Nvidia and Stanford show 3D GANs that can generate even better synthetic images and, for the first time, 3D reconstructions.
Used for deepfakes, among other things, Generative Adversarial Networks now generate photorealistic images of people, animals, mountain ranges, beaches, or food. One of the most powerful systems comes from Nvidia and is called StyleGAN. However, this system and similar AI models can't generate 3D representations on current hardware.
Such 3D representations have two advantages: they help generate multiple images of a synthetic person from different angles and can also serve as the basis for a 3D model of the person.
This is because, in traditional 2D GANs, images from different angles of the same synthetic person often show changes in the representation: sometimes an ear is different, a corner of the mouth is distorted, or the eye area looks different.
Nvidia's latest StyleGAN variant StyleGAN3 achieved higher stability but is still far away from a natural result. The network doesn't store 3D information and therefore can't keep the display stable from multiple viewing angles.
Three layers instead of NeRFs and voxels
In contrast, other methods such as Google's Neural Radiance Fields (NeRFs) can learn 3D representations and subsequently generate new viewpoints with high stability in the representation.
For that, NeRFs rely on neural networks, in which an implicit 3D representation of the learned object is formed during training. The counter design to the learned implicit representation is the explicit representation of a voxel grid.

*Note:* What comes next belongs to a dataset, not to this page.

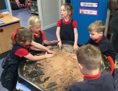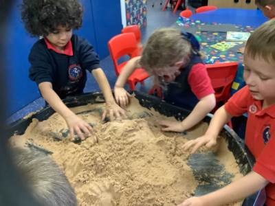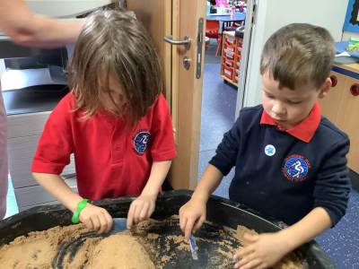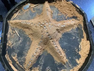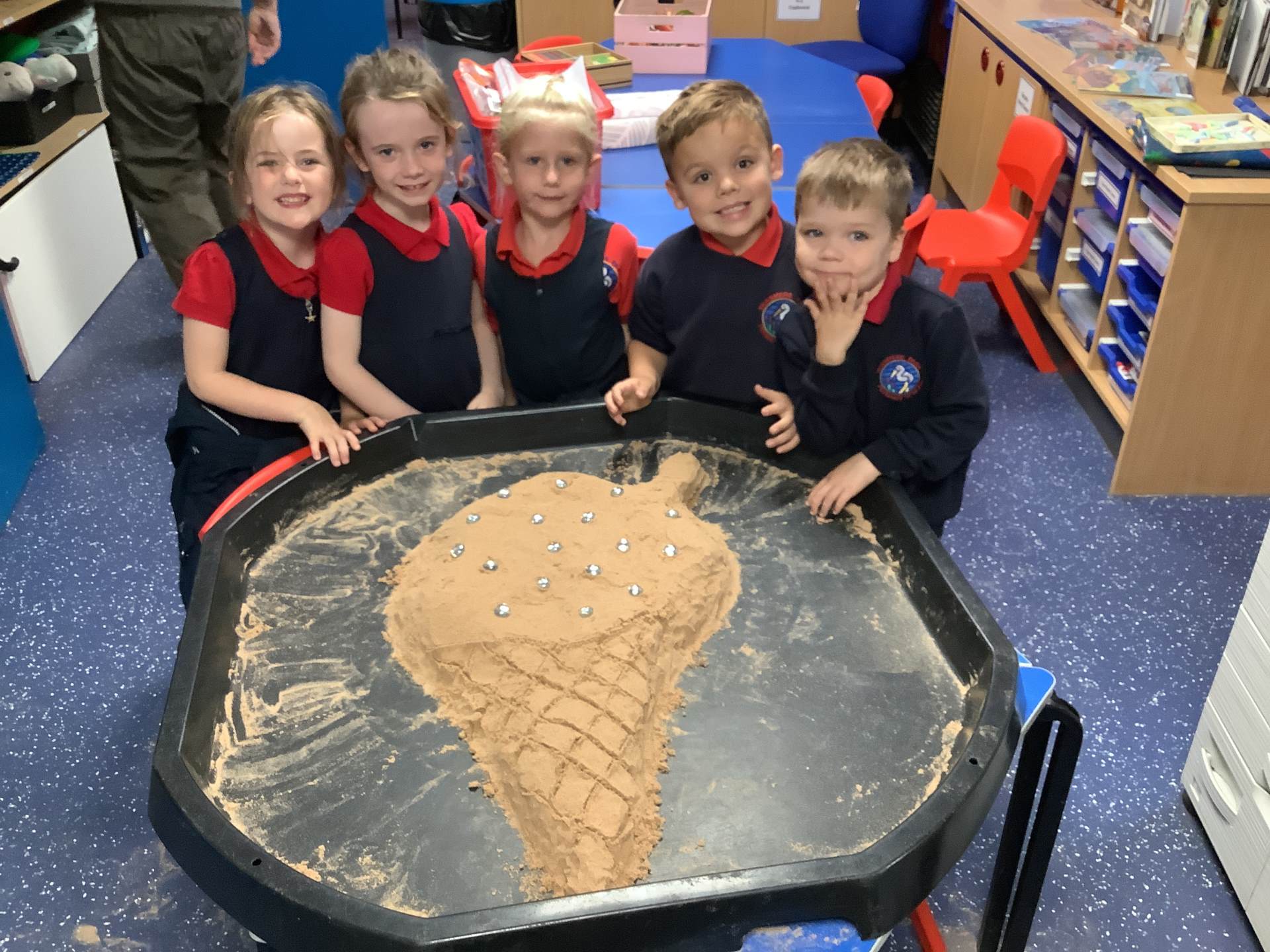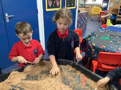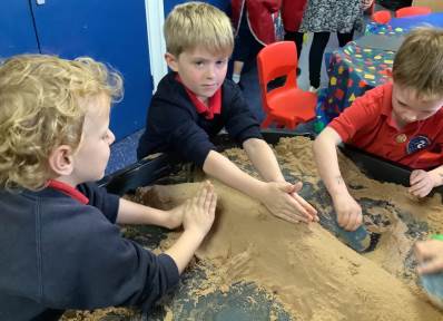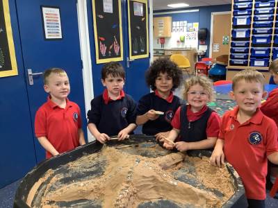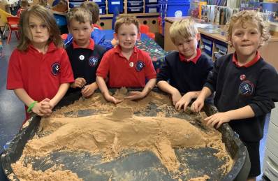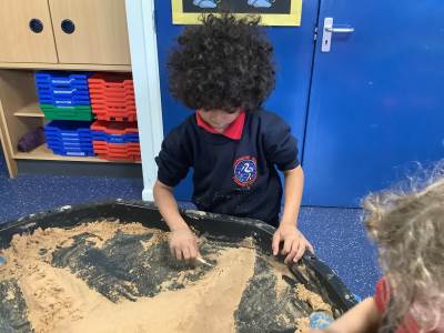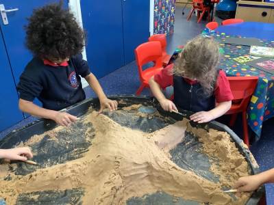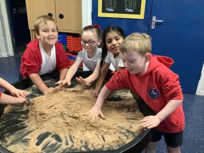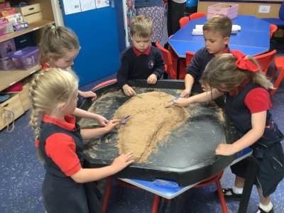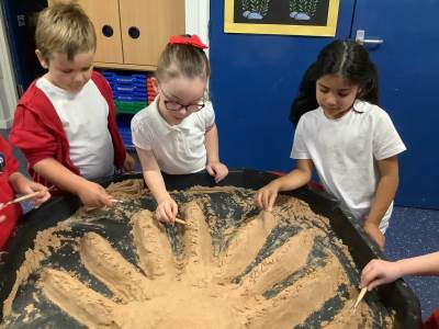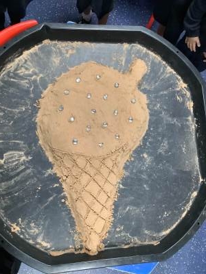 This half term's topic is 'Hooray, Let's Go On Holiday.' As part of our art focus, the children have been learning about sand artists and how they can create amazingly creative sand structures using a range of different tools. We wanted to have a go at creating our own and enjoyed experimenting with the tools to see what effects we could create. We also enjoyed adding our own decorations. Here we are at work.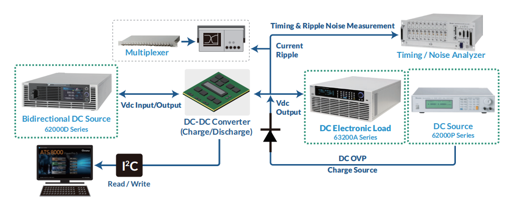 當(dāng)Power shelf斷電時(shí),BBU內(nèi)部的雙向直流電源(DC/DC converter)將電池轉(zhuǎn)換為服務(wù)器所需的電壓。當(dāng)Power shelf復(fù)電后,再對(duì)電池充電。所以此電源要能快速啟動(dòng)輸出,并符合服務(wù)器對(duì)電源的動(dòng)態(tài)負(fù)載要求。也能在對(duì)電池模塊的充電時(shí),精準(zhǔn)操作在定電流充電模式。Chroma的電子負(fù)載63200A系列能符合OCP ORV3測(cè)試指南規(guī)范要求,驗(yàn)證此電源模塊在實(shí)際應(yīng)用中的規(guī)格與可靠度。62000D系列的雙向直流源,可模擬Power shelf的輸出電壓,也可用來(lái)模擬BBU內(nèi)的電池模塊,進(jìn)行雙向的電流測(cè)試。Chroma可依此直流電源的測(cè)試需求,整合適當(dāng)設(shè)備,編程測(cè)試項(xiàng)目與測(cè)試流程,組成自動(dòng)化測(cè)試系統(tǒng)??捎糜诋a(chǎn)品開發(fā)階段的完整驗(yàn)證,或用于生產(chǎn)線的EOL測(cè)試系統(tǒng)。其相關(guān)測(cè)試系統(tǒng)構(gòu)架與設(shè)備建議如下圖。

Both methods have advantages and disadvantages: Viewpoint queries to voxel grids are processed quickly; for NeRFs, these take up to several hours, depending on the architecture. Voxel grids, on the other hand, are very memory-hungry at high resolutions, while NeRFs are memory-efficient due to their implicit 3D representation as a function.
Researchers at Stanford University and Nvidia are now demonstrating a hybrid approach (Efficient Geometry-aware 3D Generative Adversarial Networks, EG3D) that combines explicit and implicit representations, making it fast and scaling efficiently with resolution.
Nvidia's 3D GAN EG3D needs only one image
The team relies on a three-plane 3D representation rather than a full voxel grid. The three-plane module is connected behind a StyleGAN2 generator mesh and stores the generator's output.
A neural renderer decodes the stored information and passes it to a super-resolution module. This scales the 128 by 128 pixel small image to 512 by 512 pixels. The images also contain the depth information represented in the three layers.
The result is a 3D GAN that can generate consistent images of, say, a person from different angles and a 3D model. EG3D can also generate a matching 3D reconstruction from a single image. In the examples shown, the quality of the results exceeds that of other GANs and even other methods such as NeRFs.
The researchers point to limitations with fine details such as individual teeth and plan to improve their AI there. They also say it's possible to swap out individual modules and retool the system to generate targeted images via text, for example.
Finally, the team warns of potential misuse of EG3D: 3D reconstruction based on a single image could potentially be used for deepfakes. More information and examples are available on the EG3D project page.